GQA performance across sequence lengths: GQA's benefits scale with sequence length. For short sequences (tokens), all attention variants are fast; the KV cache size doesn't matter. But as sequences reach thousands of tokens (long documents, conversations), memory bandwidth becomes the bottleneck. GQA's smaller cache reduces memory bandwidth, yielding latency improvements of 2–5Γ— on long sequences while maintaining quality. This makes GQA especially valuable for long-context models (32K, 128K tokens).

Future work in attention mechanisms explores even more radical compression: query-key shared attention (single head for everything), learnable key-value compression (lossy dimensionality reduction), and sparse attention patterns (attending to only important tokens). These techniques are still research-stage but could eventually replace GQA if they prove practical. For now, GQA represents a mature, well-tested sweet spot.

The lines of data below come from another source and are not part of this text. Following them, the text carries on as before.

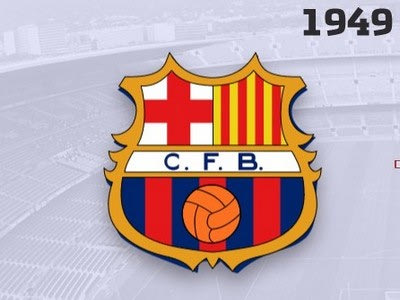 To 1949, η Μπαρσελόνα εκμεταλλεύεται την επέτειο μισού αιώνα ζωής και ξανακάνει τις γραμμές τέσσερις. Το de (γενική κτητική) έπιανε χώρο και προφανώς ενοχλούσε και τα γράμματα βάφονται μπλε.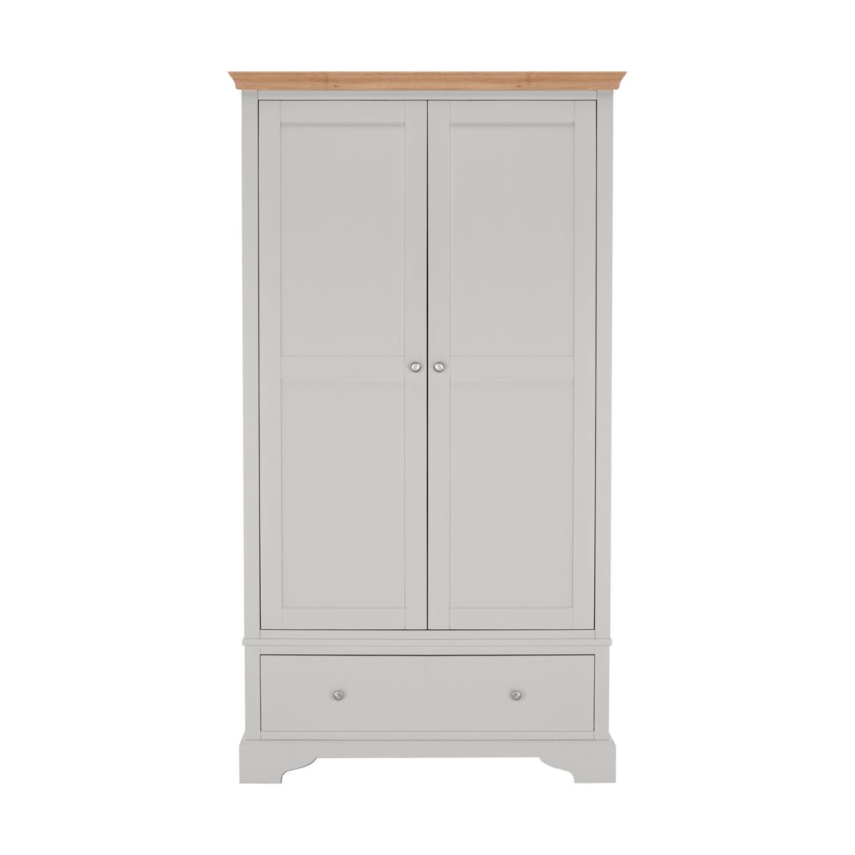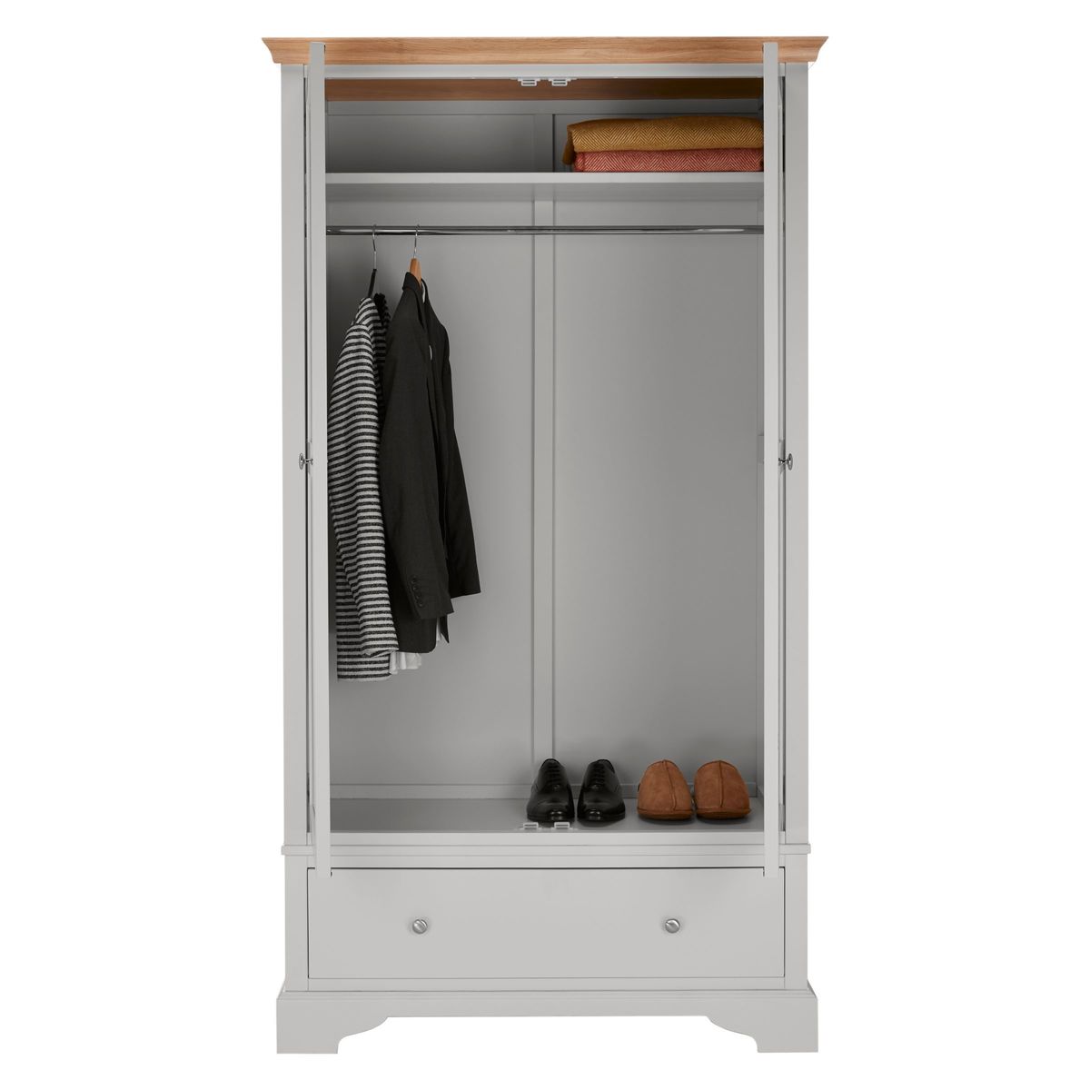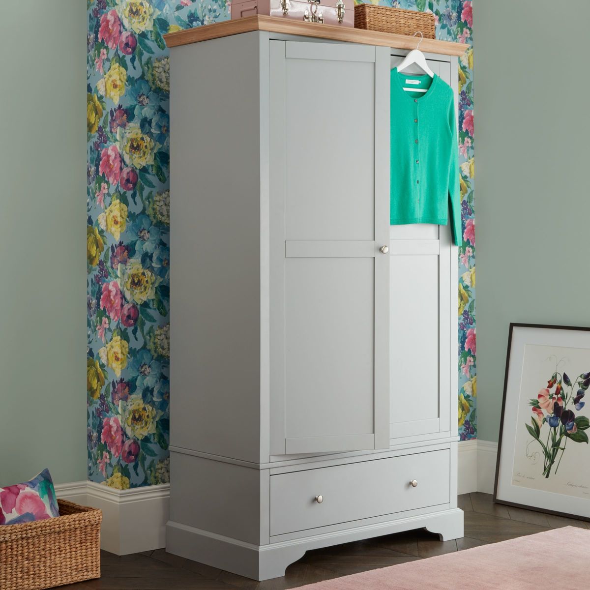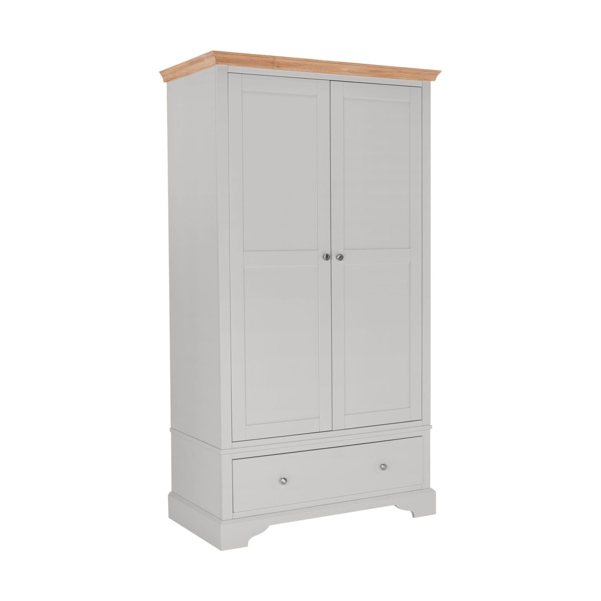 Our Lymington bedroom furniture range is characterised by its classic and clean aesthetic, that brings together tactile solid oak surfaces with sleek oak veneer finishes. Understated pieces that carry a naturally elegant charm, the range is made up of solid bedsteads with coordinating storage pieces, each appealing to relaxed and traditional interior decors. Complete the look with natural bed linen and soft accessories for an instantly warm look and feel. Wonderfully functional while charming in design, this free-standing double wardrobe offers ample storage space. Opening with two hinged doors to reveal a spacious interior, complete with a metal hanging rail and top shelf, it also boasts a lower drawer that offers additional storage. Finished with classic knob handles and available in three versatile painted finishes, it will perfectly complement your bedroom and our coordinating pieces of furniture. Maximum shelf load: 22kg.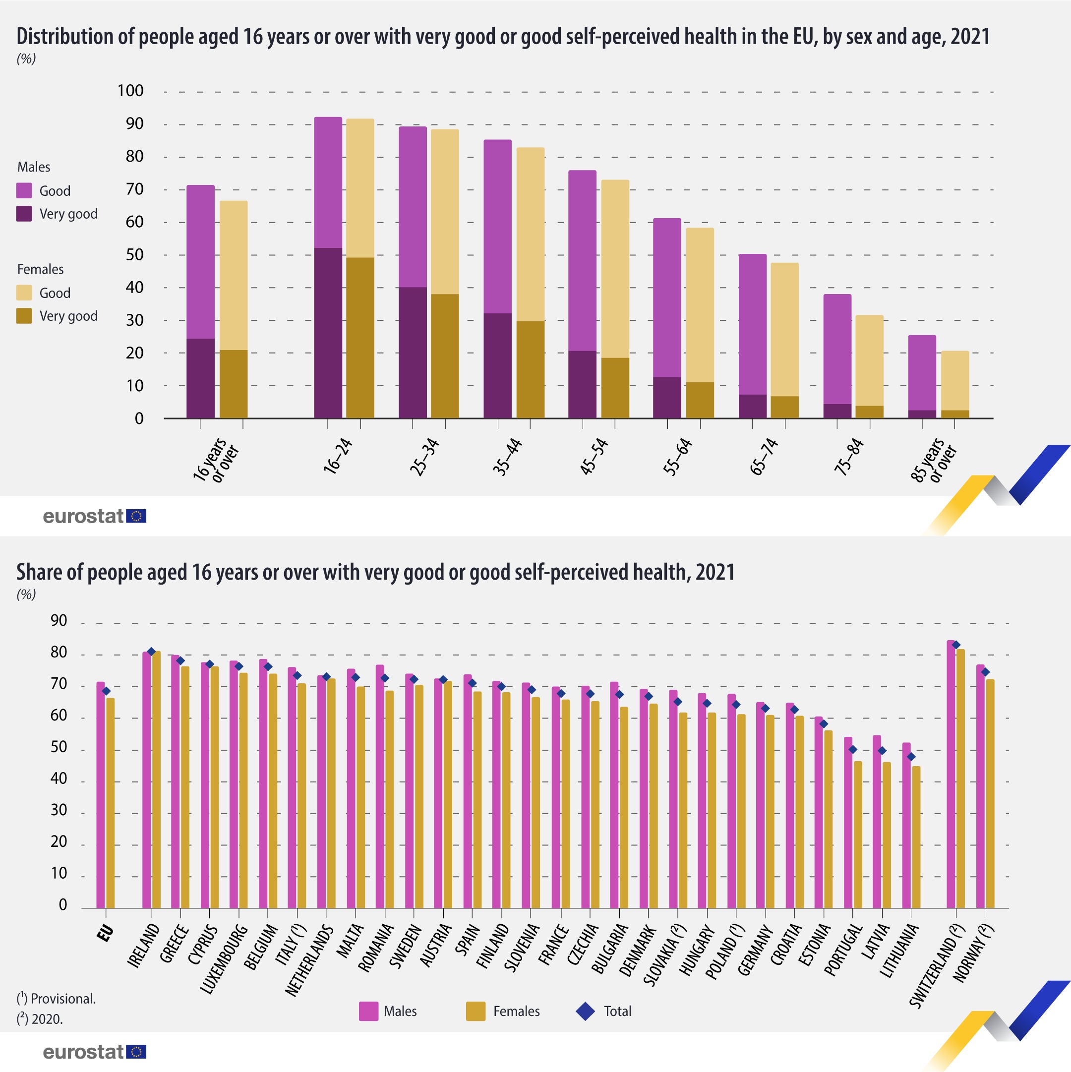 In 2021, in the EU, almost seven in ten people aged 16 or over rated their health status as good or very good (69%). The positive perception of health was better among males than females (72% of males compared with 67% of females).

Practitioners often ask: should I use GQA or MQA? GQA is the safe choiceβ€”it maintains quality better while still achieving significant compression. MQA is more aggressive (single KV head) and sometimes fails on reasoning tasks. If you're designing a model from scratch, start with GQA and only move to MQA if you're certain quality loss is acceptable.

GQA implementation details in frameworks: PyTorch and TensorFlow both support grouped query attention through custom CUDA kernels or TensorRT optimizations. HuggingFace models (Llama 2, Qwen, Mistral) expose GQA configuration in config.json: `"num_key_value_heads": 8` with `"num_attention_heads": 32` means 4 groups. When fine-tuning or quantizing a GQA model, ensure the grouping structure is preserved to avoid silent quality degradation.

Inference optimization: vLLM and TensorRT both auto-detect and optimize GQA models. If you're using a custom inference engine, ensure KV cache management respects the grouping (reusing KV heads for multiple query groups). Failure to do this results in incorrectly shaped attention computations and wrong outputs.

Scaling to production: GQA models handle 8Γ— larger batch sizes with the same GPU memory compared to MHA, enabling higher throughput. For serving applications, this translates directly to better cost-per-inference. Benchmarking on your hardware is essential: latency improvements vary based on batch size, sequence length, and memory bandwidth characteristics of your GPU.

GQA in the broader attention landscape: The attention mechanism is a bottleneck in transformer inference. Research explores many alternatives: sparse attention (attend to only relevant tokens, computed via learned indices), flash attention (hardware-aware optimization with fewer memory transfers), and grouped query attention (reduced KV heads). Flash attention and GQA are complementary; many recent models combine both. GQA is the simpler, more mature approach and will likely remain dominant for several years. Practitioners should understand GQA as a standard technique and know when to apply it (any model with KV cache bottlenecks, especially long-context models). For new projects, default to GQA unless you have specific reasons not to.